Doing business in Eastern Europe
We discover there's rich pickings for UK companies in the new part of the EU
Twenty years ago it wasn’t even worth considering. Ten years later you still had to jump through countless hoops and were met at every turn by a new regulatory obstacle.
But for the last nine months and the foreseeable future, UK businesses have a real opportunity to partner with, sell to and work in the ‘new EU’ – 10 fast-growing countries drawn predominantly from the old Soviet states in Eastern Europe.
New kids on the bloc
The EU’s historic expansion from a 15 to a 25-member Bloc in May 2004 created a wealth of opportunities for clued-up entrepreneurs.

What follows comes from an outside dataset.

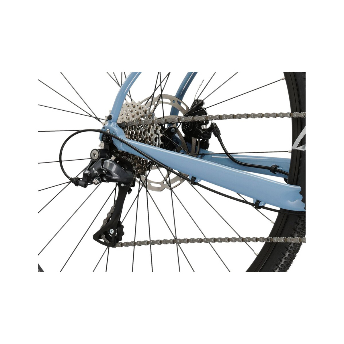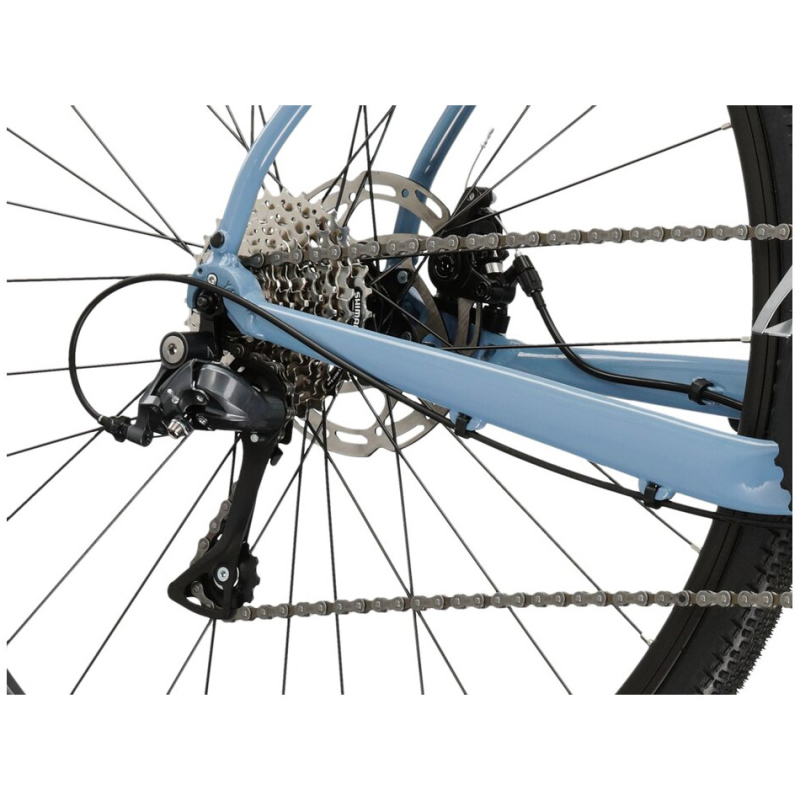 Kross Esker 1.0 został wyposażony w osprzęt, który doskonale sprawdzi się zarówno na asfalcie, jak i w terenie. Dzięki szosowym przerzutkom Shimano Claris oraz korbie FSA Tempo udało się uzyskać napęd, który umożliwi szybką i bezproblemową jazdę w każdych warunkach. Osiem biegów wraz z dwurzędową korbą dają szeroki zakres przełożeń – dzięki nim pojedziesz szybko po płaskim, a także możliwe będzie pokonanie stromego wzniesienia.

With this single event came the sudden demolition of trade and travel barriers, the promise of closer political ties and potential for monetary union.
According to government estimates, the new set-up will add £1.75bn a year to Britain’s GDP and will boost growth in the new states by about 1.5%. What it means for individual businesses is uncertain, but many have already made substantial gains through introductions in the debutante states.
Economic growth statistics are a good indicator of the untapped potential on Europe’s fringes. On May 1 2004, when the latest 10 countries joined the bloc, annual growth in Poland was topping 6% – three times more than the old EU 15’s average at the time.
Since then, growth in the new states has been consistently higher than the old heads of Europe. The latest statistics from Germany, for example, show that the most powerful economy in Europe inched along at 1.7% in 2004.
The UN’s Economic Commission for Europe says the 10 new states will grow at about 4.5% this year, 2% higher than expected for the old EU 15. It says the Baltic States – Estonia, Lithuania and Latvia – will experience the quickest acceleration.
And while the newcomers could not be described as powerhouses in world trade – collectively they boast economic strength equivalent to the Netherlands – the potential for further growth in these countries is plain to see.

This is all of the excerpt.